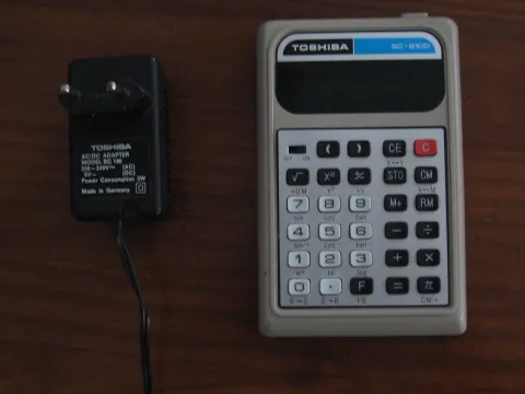 The Toshiba SC-6100 is a scientific calculator with 8 digits precision and algebraic logic. It has 26 functions, 29 keys and a VFD (vacuum fluorescent) display. The power source is 4xAA batteries.
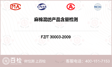 百檢網(wǎng)匯集眾多CNAS、CMA、CAL等資質(zhì)的檢測機(jī)構(gòu)遍布全國,可為您提供麻棉混紡產(chǎn)品含量測試服務(wù),實(shí)驗(yàn)室就近分配。具體請咨詢在線客服。
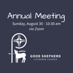 The Annual Congregational Meeting will take place on Sunday, August 30 at 10:30 am, via Zoom.
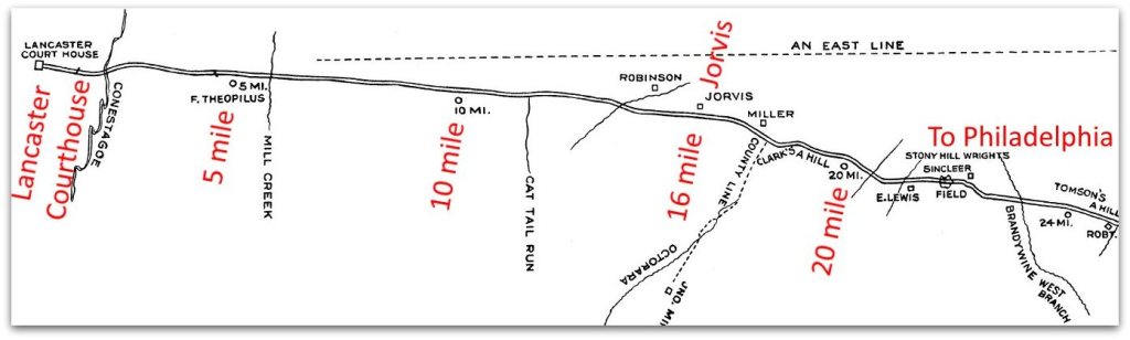 The best bet was the route along old Peter’s Road (Bezaillion’s trading road). That road went from Philadelphia and Chester west to White Horse, but then turned northwest and bypassed Lancaster. So a new road was surveyed from Lancaster to White Horse, and the old road would be used from White Horse to Philadelphia.
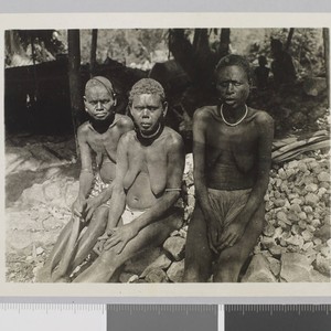 Three Malaitan women sit on a pile of stones, looking directly into camera. Title transcribed from envelope. Date from biographical sources. Verso of photo reads: "Solomons Malaita Bush The real things that kept us armed night & day Charmian."

☆ ☆ ☆ ☆ ☆

▸ WHAT IS BEING ASKED
Your copy should match the material above exactly, minus its pictures.

▸ RESPONSE BOX
 The Toshiba SC-6100 is a scientific calculator with 8 digits precision and algebraic logic. It has 26 functions, 29 keys and a VFD (vacuum fluorescent) display. The power source is 4xAA batteries.
 百檢網(wǎng)匯集眾多CNAS、CMA、CAL等資質(zhì)的檢測機(jī)構(gòu)遍布全國,可為您提供麻棉混紡產(chǎn)品含量測試服務(wù),實(shí)驗(yàn)室就近分配。具體請咨詢在線客服。
 The Annual Congregational Meeting will take place on Sunday, August 30 at 10:30 am, via Zoom.
 The best bet was the route along old Peter’s Road (Bezaillion’s trading road). That road went from Philadelphia and Chester west to White Horse, but then turned northwest and bypassed Lancaster. So a new road was surveyed from Lancaster to White Horse, and the old road would be used from White Horse to Philadelphia.
 Three Malaitan women sit on a pile of stones, looking directly into camera. Title transcribed from envelope. Date from biographical sources. Verso of photo reads: "Solomons Malaita Bush The real things that kept us armed night & day Charmian."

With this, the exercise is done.